Distribution Division Electricity Sub Station Kursi, Barabanki v. Smt. Meera Kumari Thru. Rakeshmani Tripathi And Others

Case Details High Court of India · 12 Dec 2025
Court
High Court of India
Decided
12 Dec 2025
Length
1,942 words

Cited in this judgment

1. Heard learned counsel for the appellant and perused the record.

2. The present belated appeal under Section 30 (1)(C) of the Workmen's Compensation Act, 1923 has been filed by the appellant/Department against the impugned award and order dated August 30, 2024 as well as order dated May 15, 2025 passed by the Commissioner, Workmen's Compensation Act, 1923/Assistant Labour Commissioner, Lucknow in Case No.E.C.A14/2018/LR/E.C.A. (Smt. Meera Kumari v. Sachiv, U.P. Power Corporation Limited and others).

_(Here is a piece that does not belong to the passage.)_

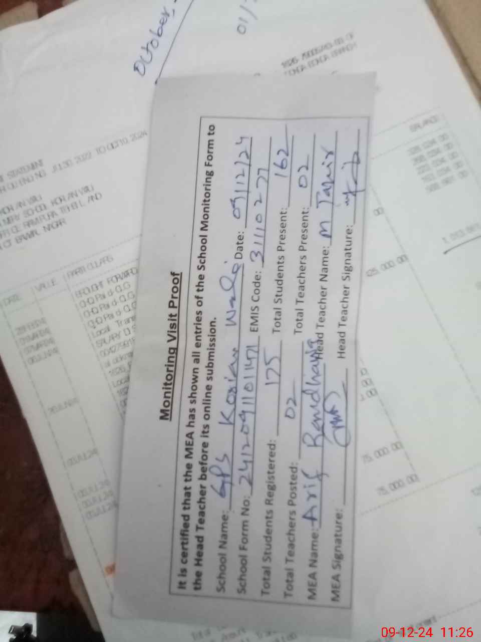 | Attendance Register | Head Teacher | MEA with School | Visit Proof |
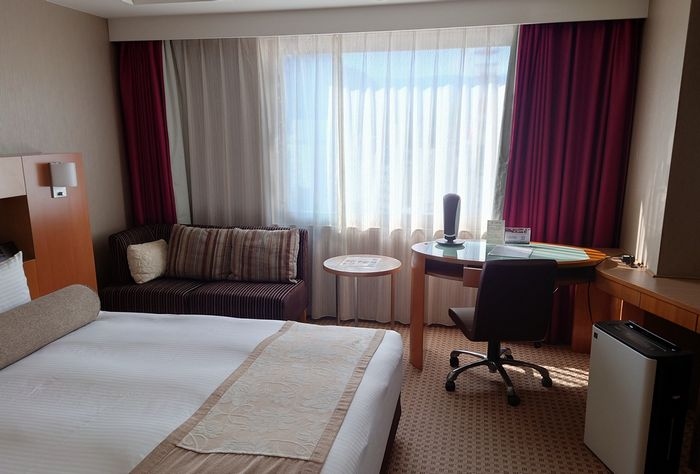 アミュプラザくまもとに併設されたホテルで駅近くアクセス良好です。ホテルロビーは9階で、客室はそれ以上の階数になるので眺望も楽しめます。今回は線路側でしたので電車の往来を見ることができました。

3. Learned counsel for the appellant submits that there is a delay of 115 days in filing the instant appeal and the reason for delay has been given that the impugned award was passed on August 30, 2024 and thereafter recall application was filed, which was decided on May 15, 2025 and there is a process in the department of filing the appeal, which took reasonable period of time.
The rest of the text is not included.